Satanistische Ideologie soll Beziehungstat rechtfertigen
"Das sind so Sachen, wo man ein gewisses Selbstwertgefühl kriegen kann"
von Frank Nordhausen und Liane von Billerbeck

Fünf Jahre nach dem Sondershauser Schüler-Mord in Verbindung mit der "satanistisch" posierenden Amateur-Band "Absurd" sind die jugendlichen Täter frei. Einer der Täter läßt sich nun in der rechten und satanistischen Musik-Szene als Held feiern und identifiziert sich mit seiner Tat.

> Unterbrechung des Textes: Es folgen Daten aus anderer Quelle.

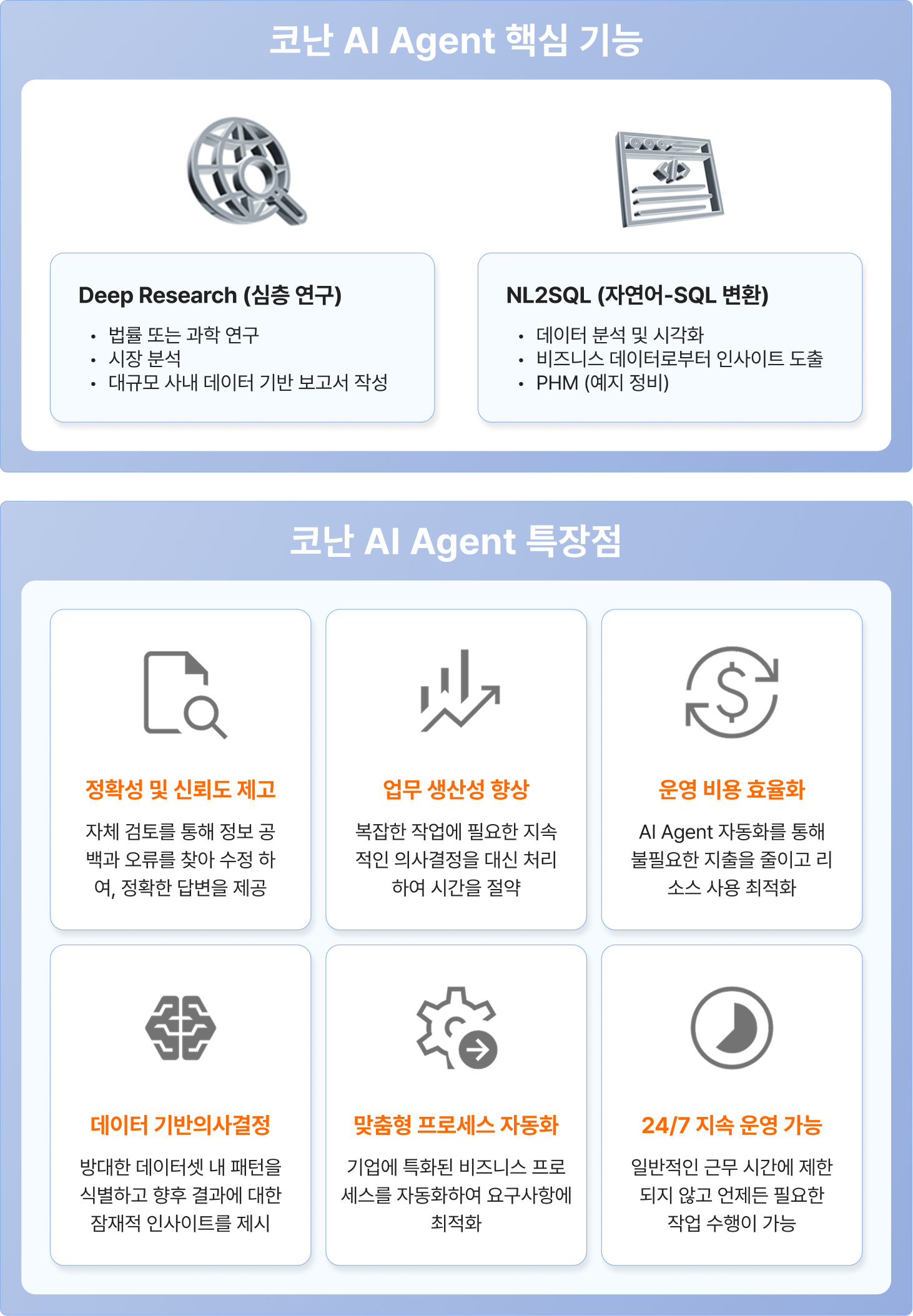코난 AI Agent는 딥 리서치(Deep Research)와 NL2SQL 두 가지 핵심 기능을 제공합니다.
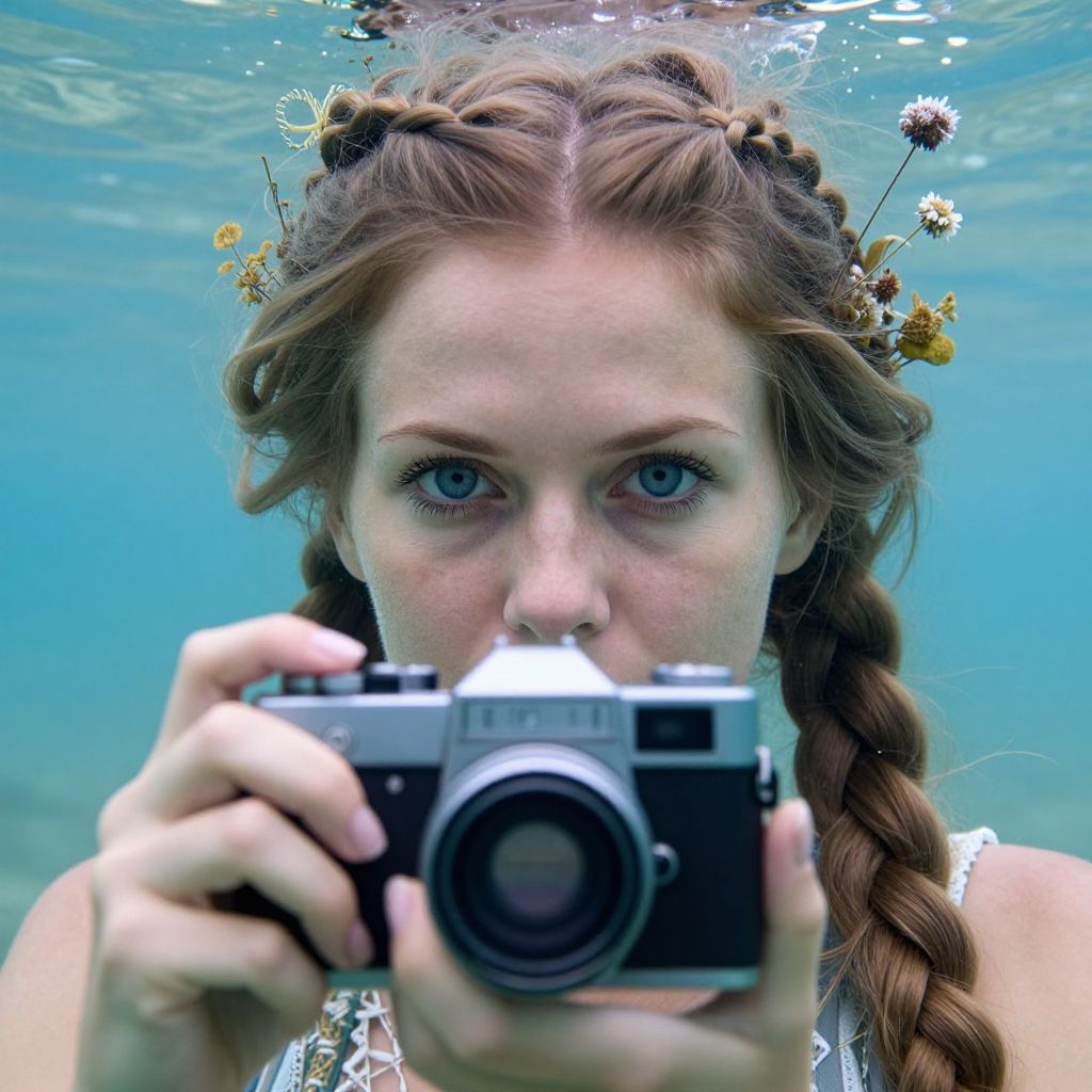 Photograph of a fair-skinned, blue-eyed woman with long, auburn hair braided and adorned with small, yellow and white daisies, underwater. She holds a vintage black and silver camera close to her face, taking a picture. Her gaze is direct and focused. The clear, blue water creates a serene backdrop, with light reflecting off her hair and face. The image has a slightly surreal, ethereal quality due to the underwater setting and natural light. The camera lens is centered in the foreground, while her face and hair are in sharp focus.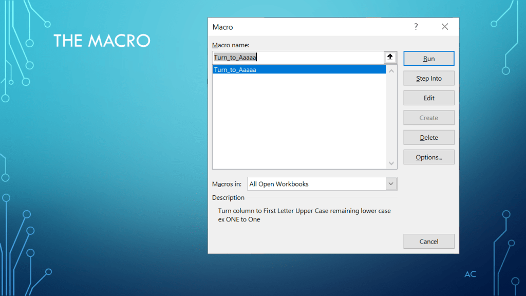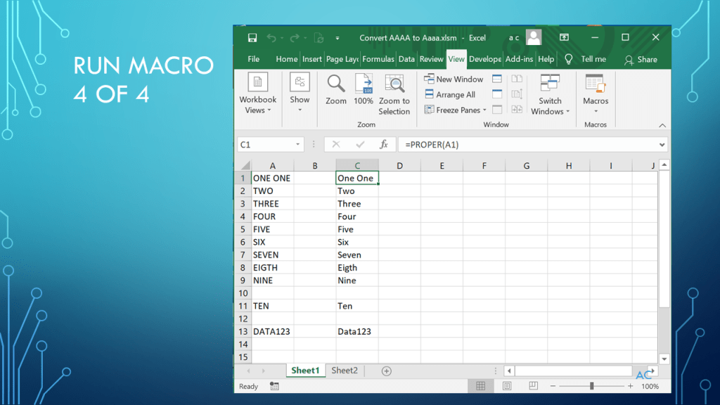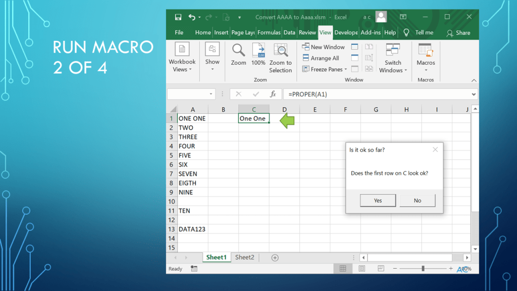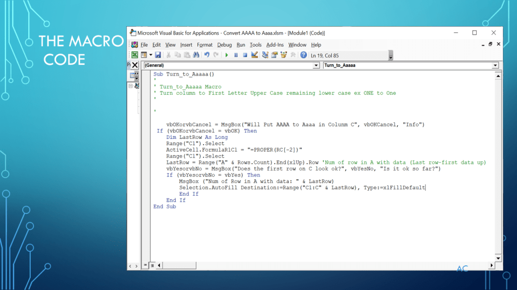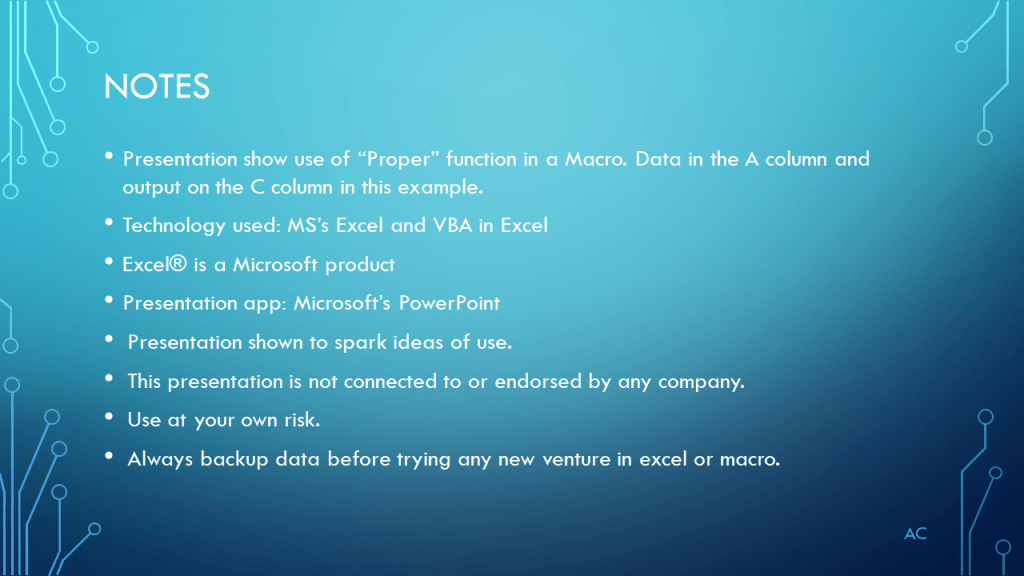 •Presentation show use of “Proper” function in a Macro. Data in the A column and output on the C column in this example.

Erfurt, im November 1998. Hendrik M. ist ein blasser Junge, dessen Augen mal flink und wach, dann plötzlich wie erloschen wirken. Wir treffen ihn im Büro eines Erfurter Sozialarbeiters, der sich um Hendrik M. kümmert, seit er im Gefängnis saß.
"Dort, wo ich herkomme", erzählt er in gedrechseltem Deutsch, "wäre es nicht opportun gewesen, meine Einstellung publik zu machen." Und dann sagt der junge Mann, der sich nach eigenem Bekunden auf seine Intelligenz einiges einbildet, in ruhigem Plauderton: "Ich weiß ja nicht, ob man in der Nazizeit bestraft worden wäre, wenn man Volksschädlinge unschädlich gemacht hätte."

Tod im Wald
Hendrik M. ist ein Mörder. Anfang September wurde der 22jährige auf Bewährung entlassen, nachdem er zwei Drittel seiner achtjährigen Haftzeit verbüßt hatte. Jetzt redet er erstmals öffentlich über die Tat und ihre Folgen. Im April 1993 hatte er mit zwei anderen Gymnasiasten aus dem thüringischen Sondershausen den 15jährigen Mitschüler Sandro Beyer brutal erdrosselt. Als bekannt wurde, daß Hendrik M. und seine Klassenkameraden Sebastian S. und Andreas K. sich die "Kinder des Satans" nannten, wurde der Mord zum Medienspektakel. Die Clique um die Amateurband "Absurd" huldigte damals einem selbstinszenierten "Satanismus" und machte sich mit düsteren Songs wichtig, die vom "Tod im Wald" und "Zyklon B" handelten. Sandro wollte sich ihnen anschließen und hatte, als er abgewiesen wurde, abfällige Gerüchte über die "schwarze Elite" verbreitet. Seine Mitschüler töteten ihn, so das Gericht in seinem Urteil vom Februar 1994, weil sie wegen der "ständigen Beschäftigung mit Satanismus, Horrorvideos und Black Metal""die "Achtung vor der Würde des Menschen verloren hatten". Der Richter empfahl ihnen, sich in der Haft mit ihrer Tat auseinanderzusetzen.
Fünf Jahre im Gefängnis haben die Gruppe zerbrochen, und jeder muß seinen Weg zurück in die Gesellschaft finden. Unterschiedliche Wege, wie es im Moment aussieht. Sebastian S. studiert mittlerweile in Dresden; Andreas K. hat Freundin und Beruf gefunden. Mit Hendrik wollen beide offenbar nichts mehr zu tun haben - und er nicht mit ihnen. Seit der Haftentlassung wohnt Hendrik M. wieder bei seinen Eltern. "Ich habe außer meinen Angehörigen niemanden hier draußen", sagt er. "Der Knast", versucht er eine Erklärung, "ist eine künstliche Welt. Man verliert den Bezug zu den Altersgenossen."
Vielleicht deshalb klammert er sich stark an die "schwarze Szene" um den Black Metal, eine aggressive Musikrichtung mit provokanten Texten über Tod und Teufel. Und die Szene hofiert ihn. Die vor dem "Satansmord" kaum bekannte PennälerBand "Absurd" genießt heute in der Szene Kultstatus - und Hendrik M. ist ein Star. Der schlaksige, gehemmte Junge bedient immer wieder das Klischee vom bösen, gewalttätigen "Satanisten".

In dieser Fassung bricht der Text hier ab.